Nurse Educators Behind Shadow Health’s Simulations

Bringing real-word experience to simulation design 

Do you know why Tina, Lucas and Tanner are so realistic? One important reason is because of Cheryl, Amanda and Brittny. 

As you may know, Tina, Lucas and Tanner are just three of the Digital Standardized Patients that are part of Shadow Health’s simulations for undergraduate and graduate nursing programs. 

These ​​Digital Clinical Experiences™ are a vital part of the education of more than 700,000 nursing students across the country – giving them the opportunity to practice as often as they need with realistic, simulated patients. 

And that is where Elsevier’s Nurse Educators come in – specifically the team of Cheryl Wilson, DNP, APRN, ANP-BC, FNP-BC, CNE, CHSE, Amanda Davis, PhD, APRN, FNP-C and Brittny Chabalowski, DNP, APRN, AGACNP-BC, CNE, CHSE. 

Elsevier’s Nurse Educators within Shadow Health

These three women are embedded within the Shadow Health development team and help create new simulations as well as continually updating current ones to reflect changes in the language and practices that nurses use. 

Prior to joining Elsevier, Cheryl, Amanda and Brittny all worked as nurses and then nursing faculty. As faculty, they implemented Shadow Health into their courses. 

Cheryl recounted her experience with Shadow Health as a faculty member. “I have been a strong proponent from Day One. I really saw the value of being able to learn in a virtual environment to get feedback right away and have students practice their communication skills with a patient.” 

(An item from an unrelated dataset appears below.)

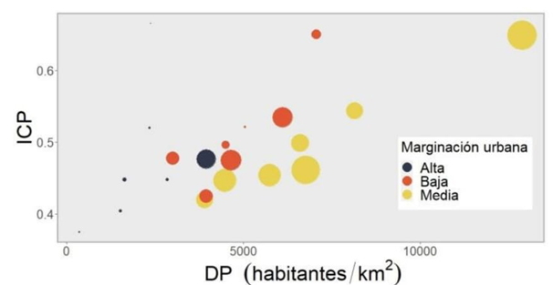 Todos los datos demográficos, económicos y de congestión de tráfico fueron organizados por ciudad y por grupo de marginación urbana en la Tabla 1. En la Figura 6 aparecen las interacciones entre los diferentes grupos de marginación (diferentes colores), el porcentaje de población del grupo con respecto de la población de la ciudad (diámetro del marcador) y la posición de (x, y) respecto de la densidad poblacional y su índice de congestión.

“Shadow Health helped us get training out to students in a different way that could be even more accessible than clinical training,” added Brittny. “I think it’s very important to have that safety net for our learners.” 

Amanda remembers how impressed she was. “I could guarantee when using Shadow Health that students would have an equal opportunity to do all the skills that I was expecting and show me how well they’re doing it. It would give them the comfort of saying ‘Okay, I’ve practiced this in a safe space.’” 

Now as members of the Elsevier team, the three work side-by-side with developers, narrative designers, learning designers, product managers and others to bring their expertise to the Shadow Health simulations. 

“When we begin working on a new offering, we have initial conversations to make our patients in ‘Shadowville’ represent more of what the U.S. looks like,” says Cheryl.  

“We all have very different nursing backgrounds, which makes it really great to sit down and brainstorm various types of cases. But we don’t do this in a vacuum. As an example, when Shadow Health developed an LGBTQ+ patient, we worked with experts in the field to help ensure the language is how a real patient would respond. 

“Our team acts as a bridge between the nursing side and the creative side,” adds Brittny. “For example, my experience is generally in the ER and trauma world. So the patients that I am used to interacting with in practice are typically not thrilled about being in the hospital. They’re in a crisis mode. 

“For example, a patient might not be as forthcoming with information as we need – or become irritated with questions about their medications. The Digital Clinical Experiences have those types of real-world scenarios that nurses will likely encounter.” 

Modeling Therapeutic Communication

Keeping the language of the simulations current is critical. “Language, specifically phrases and terms, change over time,” explains Amanda.” We make sure our simulations reflect these developments to continue to model therapeutic communication for our learners.” 

The three women get great satisfaction knowing that the Shadow Health simulations help scale their expertise to a wide audience and that coming generations of nurses will have the best preparation for difficult conversations. 

“I didn’t realize the reach that we had until I was at a booth in a conference,” says Cheryl. “Faculty would walk by and shout ‘Lucas!’ or ‘Tina!’ like they knew them well.” 

“I think that’s the most fun part of our job,” added Brittny. “We really bring these characters to life.” 

“All the work that we put in behind the scenes is going to benefit the greater good of the profession,” says Amanda. 

Cheryl wrapped up the conversation perfectly. “We develop the patients and send them out into the world. They become almost like our children.”